Give back the records below exactly, omitting the pictures.

------ DATA

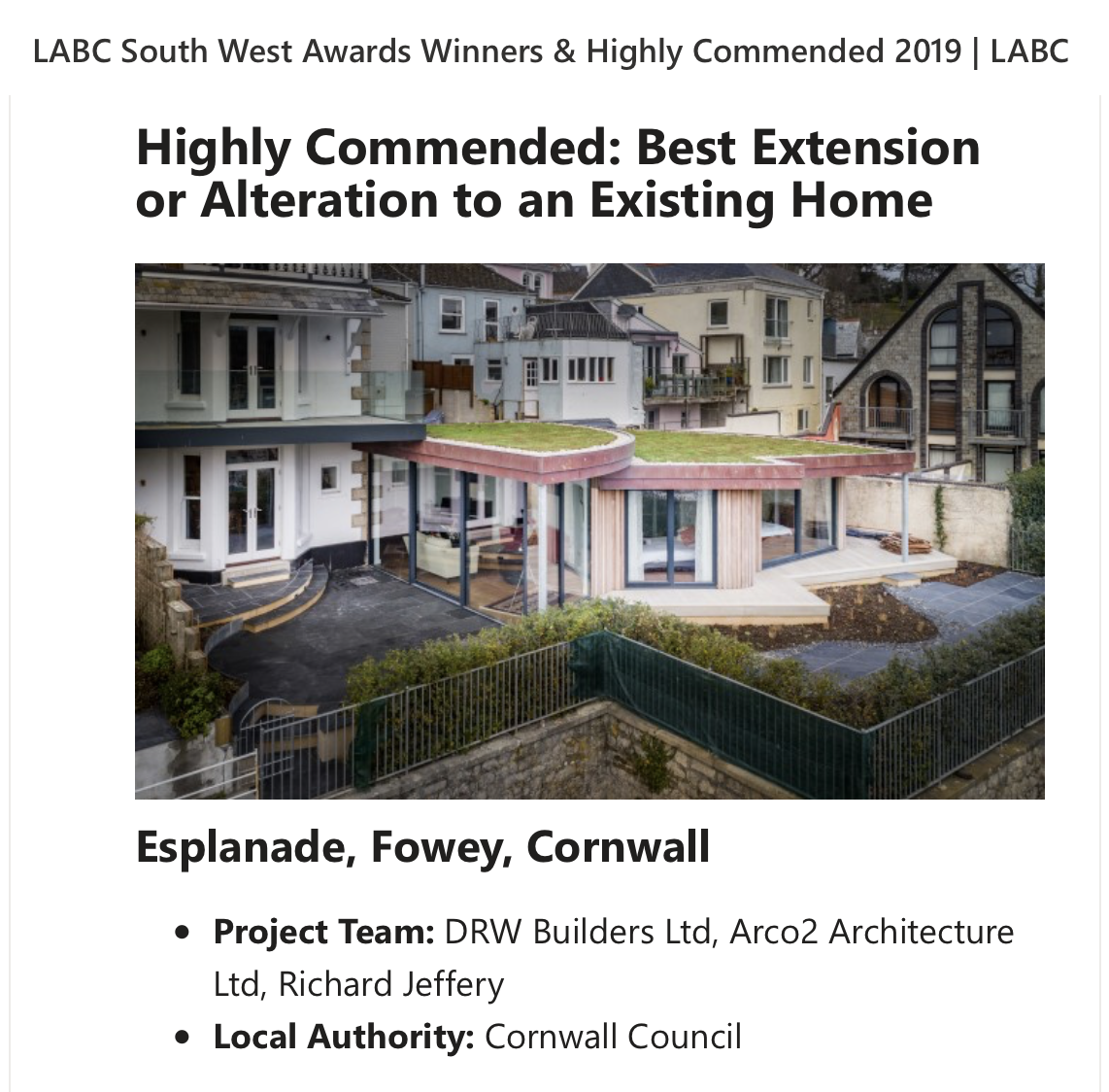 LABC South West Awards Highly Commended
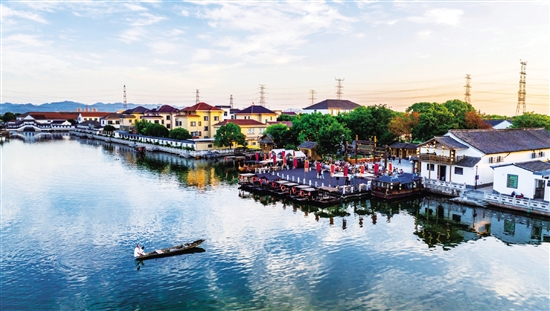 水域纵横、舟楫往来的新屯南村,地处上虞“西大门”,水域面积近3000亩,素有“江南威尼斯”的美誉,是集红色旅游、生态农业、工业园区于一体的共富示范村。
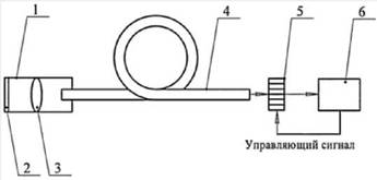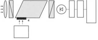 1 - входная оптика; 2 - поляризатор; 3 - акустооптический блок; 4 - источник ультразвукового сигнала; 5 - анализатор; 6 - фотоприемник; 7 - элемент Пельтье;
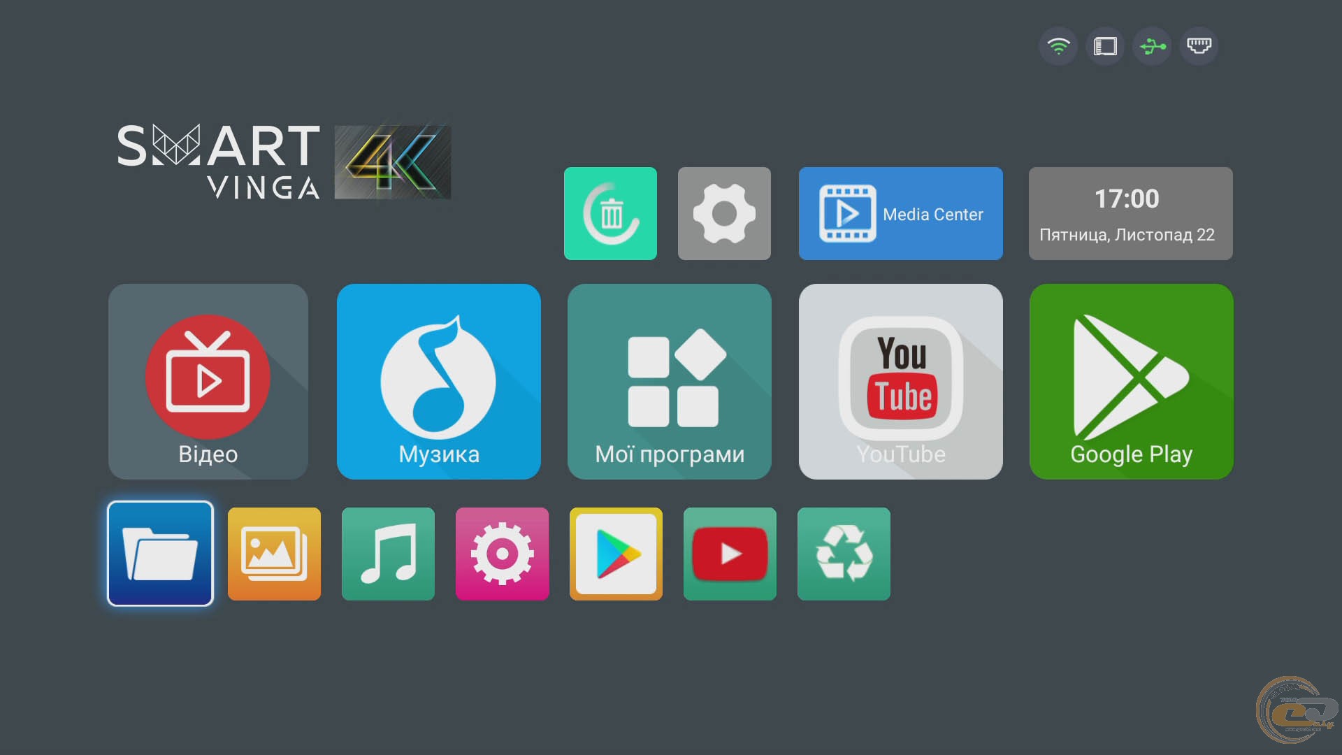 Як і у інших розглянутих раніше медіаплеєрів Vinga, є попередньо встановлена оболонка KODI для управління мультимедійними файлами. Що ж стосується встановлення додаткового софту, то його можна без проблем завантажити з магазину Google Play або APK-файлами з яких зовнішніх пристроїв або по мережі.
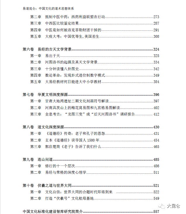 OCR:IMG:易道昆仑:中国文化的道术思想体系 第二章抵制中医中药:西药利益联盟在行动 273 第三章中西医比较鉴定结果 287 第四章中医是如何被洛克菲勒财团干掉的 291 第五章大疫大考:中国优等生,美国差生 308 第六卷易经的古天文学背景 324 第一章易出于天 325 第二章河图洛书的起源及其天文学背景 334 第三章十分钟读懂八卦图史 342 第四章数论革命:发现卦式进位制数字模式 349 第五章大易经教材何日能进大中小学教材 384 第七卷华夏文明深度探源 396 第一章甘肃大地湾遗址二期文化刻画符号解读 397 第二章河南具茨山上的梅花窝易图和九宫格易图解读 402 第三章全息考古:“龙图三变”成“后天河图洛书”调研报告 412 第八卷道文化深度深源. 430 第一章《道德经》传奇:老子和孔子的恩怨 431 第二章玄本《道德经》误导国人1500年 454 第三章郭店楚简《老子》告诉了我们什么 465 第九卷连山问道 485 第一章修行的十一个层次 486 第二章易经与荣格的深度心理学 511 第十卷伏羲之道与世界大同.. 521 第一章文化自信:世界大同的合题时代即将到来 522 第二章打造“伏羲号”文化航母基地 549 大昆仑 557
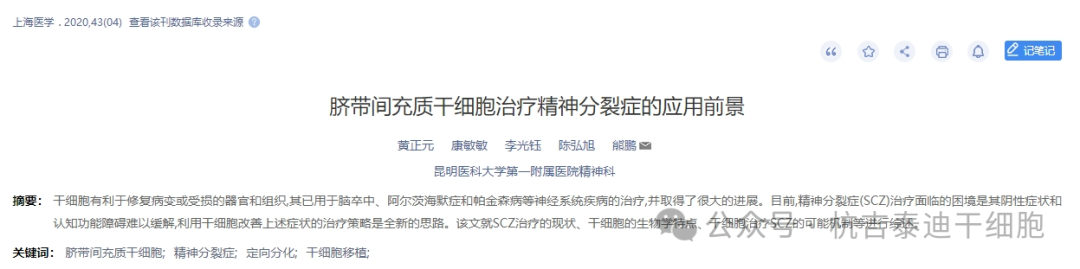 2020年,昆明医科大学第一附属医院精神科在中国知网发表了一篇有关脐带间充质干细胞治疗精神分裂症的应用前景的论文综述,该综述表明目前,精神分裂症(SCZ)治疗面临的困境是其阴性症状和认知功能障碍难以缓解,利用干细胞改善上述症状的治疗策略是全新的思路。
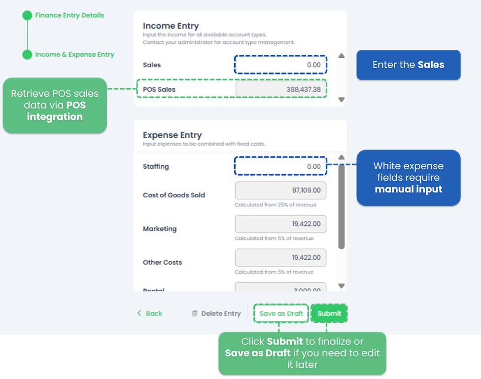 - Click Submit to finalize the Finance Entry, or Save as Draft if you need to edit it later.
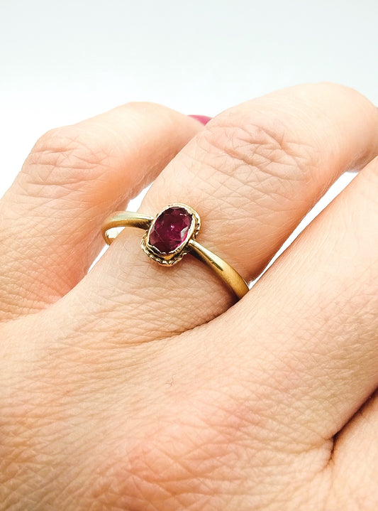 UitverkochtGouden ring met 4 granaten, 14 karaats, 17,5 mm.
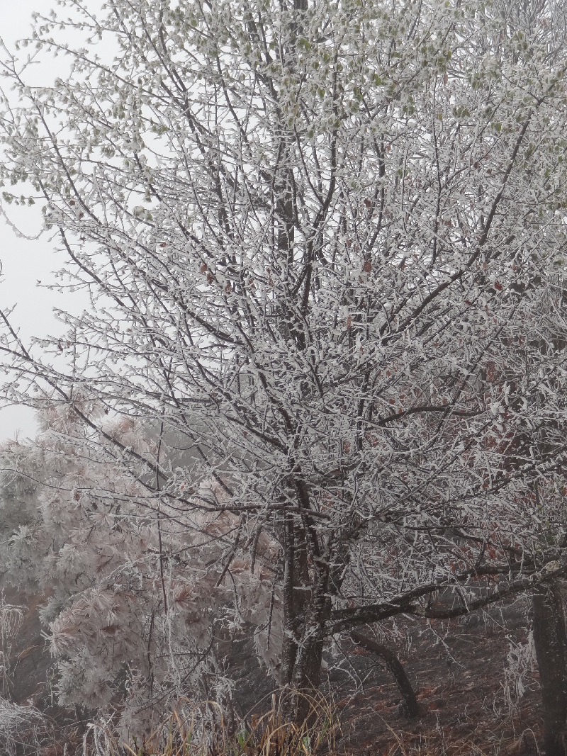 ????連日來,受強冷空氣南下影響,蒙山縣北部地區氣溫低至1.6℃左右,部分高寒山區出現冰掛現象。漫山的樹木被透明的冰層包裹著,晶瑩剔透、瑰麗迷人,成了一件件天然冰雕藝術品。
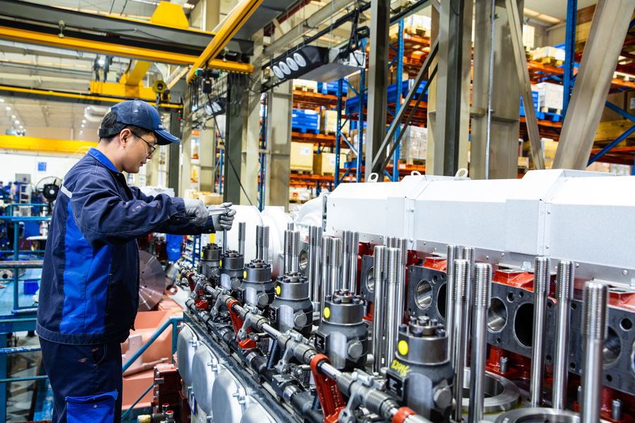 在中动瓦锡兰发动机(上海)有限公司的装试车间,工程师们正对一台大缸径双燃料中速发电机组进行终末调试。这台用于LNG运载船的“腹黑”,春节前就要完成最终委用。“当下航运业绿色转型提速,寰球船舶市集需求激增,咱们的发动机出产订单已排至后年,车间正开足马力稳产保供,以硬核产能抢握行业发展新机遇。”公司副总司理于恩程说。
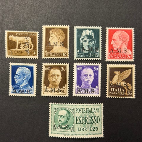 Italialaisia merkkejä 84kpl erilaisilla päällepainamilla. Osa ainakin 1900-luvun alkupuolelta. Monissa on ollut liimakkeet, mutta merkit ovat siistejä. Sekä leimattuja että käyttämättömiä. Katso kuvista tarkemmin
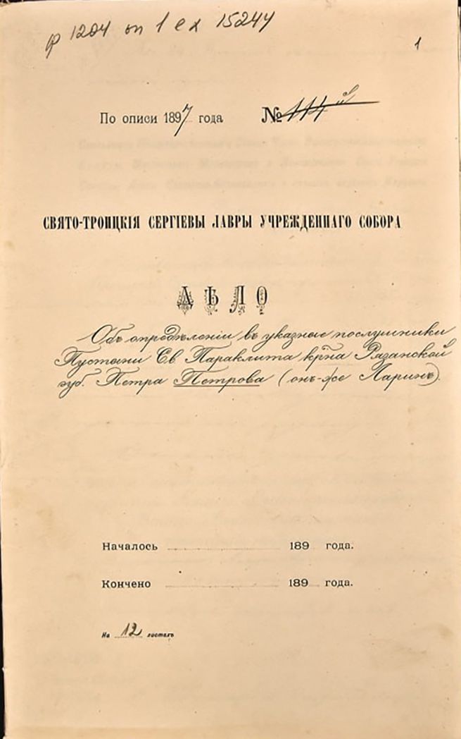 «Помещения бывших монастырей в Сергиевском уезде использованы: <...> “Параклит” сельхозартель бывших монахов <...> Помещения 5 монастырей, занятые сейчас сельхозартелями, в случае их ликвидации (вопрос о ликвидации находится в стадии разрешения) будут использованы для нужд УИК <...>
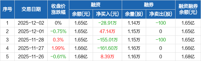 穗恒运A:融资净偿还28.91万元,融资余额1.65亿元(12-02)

------------

**RESPONSE FOR THIS EXERCISE:**
 LABC South West Awards Highly Commended
 水域纵横、舟楫往来的新屯南村,地处上虞“西大门”,水域面积近3000亩,素有“江南威尼斯”的美誉,是集红色旅游、生态农业、工业园区于一体的共富示范村。
 1 - входная оптика; 2 - поляризатор; 3 - акустооптический блок; 4 - источник ультразвукового сигнала; 5 - анализатор; 6 - фотоприемник; 7 - элемент Пельтье;
 Як і у інших розглянутих раніше медіаплеєрів Vinga, є попередньо встановлена оболонка KODI для управління мультимедійними файлами. Що ж стосується встановлення додаткового софту, то його можна без проблем завантажити з магазину Google Play або APK-файлами з яких зовнішніх пристроїв або по мережі.
 OCR:IMG:易道昆仑:中国文化的道术思想体系 第二章抵制中医中药:西药利益联盟在行动 273 第三章中西医比较鉴定结果 287 第四章中医是如何被洛克菲勒财团干掉的 291 第五章大疫大考:中国优等生,美国差生 308 第六卷易经的古天文学背景 324 第一章易出于天 325 第二章河图洛书的起源及其天文学背景 334 第三章十分钟读懂八卦图史 342 第四章数论革命:发现卦式进位制数字模式 349 第五章大易经教材何日能进大中小学教材 384 第七卷华夏文明深度探源 396 第一章甘肃大地湾遗址二期文化刻画符号解读 397 第二章河南具茨山上的梅花窝易图和九宫格易图解读 402 第三章全息考古:“龙图三变”成“后天河图洛书”调研报告 412 第八卷道文化深度深源. 430 第一章《道德经》传奇:老子和孔子的恩怨 431 第二章玄本《道德经》误导国人1500年 454 第三章郭店楚简《老子》告诉了我们什么 465 第九卷连山问道 485 第一章修行的十一个层次 486 第二章易经与荣格的深度心理学 511 第十卷伏羲之道与世界大同.. 521 第一章文化自信:世界大同的合题时代即将到来 522 第二章打造“伏羲号”文化航母基地 549 大昆仑 557
 2020年,昆明医科大学第一附属医院精神科在中国知网发表了一篇有关脐带间充质干细胞治疗精神分裂症的应用前景的论文综述,该综述表明目前,精神分裂症(SCZ)治疗面临的困境是其阴性症状和认知功能障碍难以缓解,利用干细胞改善上述症状的治疗策略是全新的思路。
 - Click Submit to finalize the Finance Entry, or Save as Draft if you need to edit it later.
 UitverkochtGouden ring met 4 granaten, 14 karaats, 17,5 mm.
 ????連日來,受強冷空氣南下影響,蒙山縣北部地區氣溫低至1.6℃左右,部分高寒山區出現冰掛現象。漫山的樹木被透明的冰層包裹著,晶瑩剔透、瑰麗迷人,成了一件件天然冰雕藝術品。
 在中动瓦锡兰发动机(上海)有限公司的装试车间,工程师们正对一台大缸径双燃料中速发电机组进行终末调试。这台用于LNG运载船的“腹黑”,春节前就要完成最终委用。“当下航运业绿色转型提速,寰球船舶市集需求激增,咱们的发动机出产订单已排至后年,车间正开足马力稳产保供,以硬核产能抢握行业发展新机遇。”公司副总司理于恩程说。
 Italialaisia merkkejä 84kpl erilaisilla päällepainamilla. Osa ainakin 1900-luvun alkupuolelta. Monissa on ollut liimakkeet, mutta merkit ovat siistejä. Sekä leimattuja että käyttämättömiä. Katso kuvista tarkemmin
 «Помещения бывших монастырей в Сергиевском уезде использованы: <...> “Параклит” сельхозартель бывших монахов <...> Помещения 5 монастырей, занятые сейчас сельхозартелями, в случае их ликвидации (вопрос о ликвидации находится в стадии разрешения) будут использованы для нужд УИК <...>
 穗恒运A:融资净偿还28.91万元,融资余额1.65亿元(12-02)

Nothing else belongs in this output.